🤖 AI Summary
This work addresses the challenge of jointly modeling long user behavior sequences and heterogeneous non-sequential features under stringent efficiency constraints in industrial-scale recommender systems. To this end, we propose HyFormer, a unified hybrid Transformer architecture that, for the first time, integrates sequence modeling and feature interaction within a single backbone network. The core innovation lies in an alternating optimization mechanism comprising Query Decoding—leveraging hierarchical key-value representations for efficient long-sequence decoding—and Query Boosting, which enables cross-query and cross-sequence token mixing for dynamic semantic enhancement. Evaluated on billion-scale industrial datasets, HyFormer significantly outperforms state-of-the-art methods LONGER and RankMixer under identical parameter and FLOPs budgets, with online A/B tests confirming substantial performance gains in high-traffic deployment scenarios.
📝 Abstract
Industrial large-scale recommendation models (LRMs) face the challenge of jointly modeling long-range user behavior sequences and heterogeneous non-sequential features under strict efficiency constraints.
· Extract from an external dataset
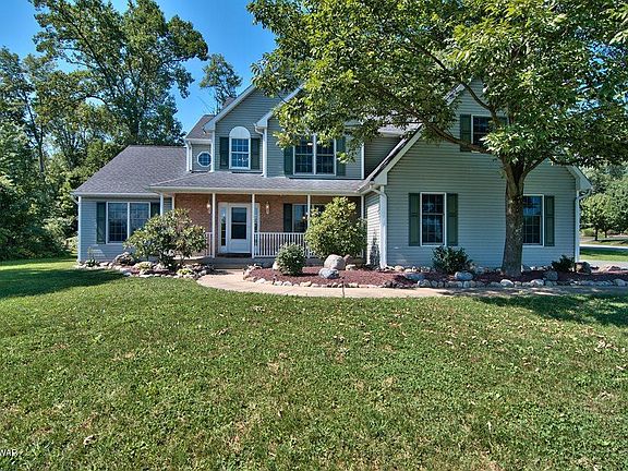 Exceptional Home! The main level features a grand two-story foyer w/turned staircase and elegant tile flooring open to the Formal Living and Dining Rooms, both of which have beautiful hardwood flooring. Large Family Room w/brick fireplace and hardwood floors is open to the exquisite kitchen w/center island, breakfast area, SS appliances and a large pantry. The second story features a luxurious master bedroom suite with a newly updated bathroom complete w/ a full tile shower, jacuzzi tub, double sinks & skylights. You will also find 3 additional spacious bedrooms and a full bath. Other highlights include central air, an unfinished basement and 2-car garage. This corner lot provides a peaceful yard w/mature landscaping, fire pit, new back patio and great views! Move in condition!

However, most existing architectures employ a decoupled pipeline: long sequences are first compressed with a query-token based sequence compressor like LONGER, followed by fusion with dense features through token-mixing modules like RankMixer, which thereby limits both the representation capacity and the interaction flexibility. This paper presents HyFormer, a unified hybrid transformer architecture that tightly integrates long-sequence modeling and feature interaction into a single backbone. From the perspective of sequence modeling, we revisit and redesign query tokens in LRMs, and frame the LRM modeling task as an alternating optimization process that integrates two core components: Query Decoding which expands non-sequential features into Global Tokens and performs long sequence decoding over layer-wise key-value representations of long behavioral sequences; and Query Boosting which enhances cross-query and cross-sequence heterogeneous interactions via efficient token mixing. The two complementary mechanisms are performed iteratively to refine semantic representations across layers. Extensive experiments on billion-scale industrial datasets demonstrate that HyFormer consistently outperforms strong LONGER and RankMixer baselines under comparable parameter and FLOPs budgets, while exhibiting superior scaling behavior with increasing parameters and FLOPs. Large-scale online A/B tests in high-traffic production systems further validate its effectiveness, showing significant gains over deployed state-of-the-art models. These results highlight the practicality and scalability of HyFormer as a unified modeling framework for industrial LRMs.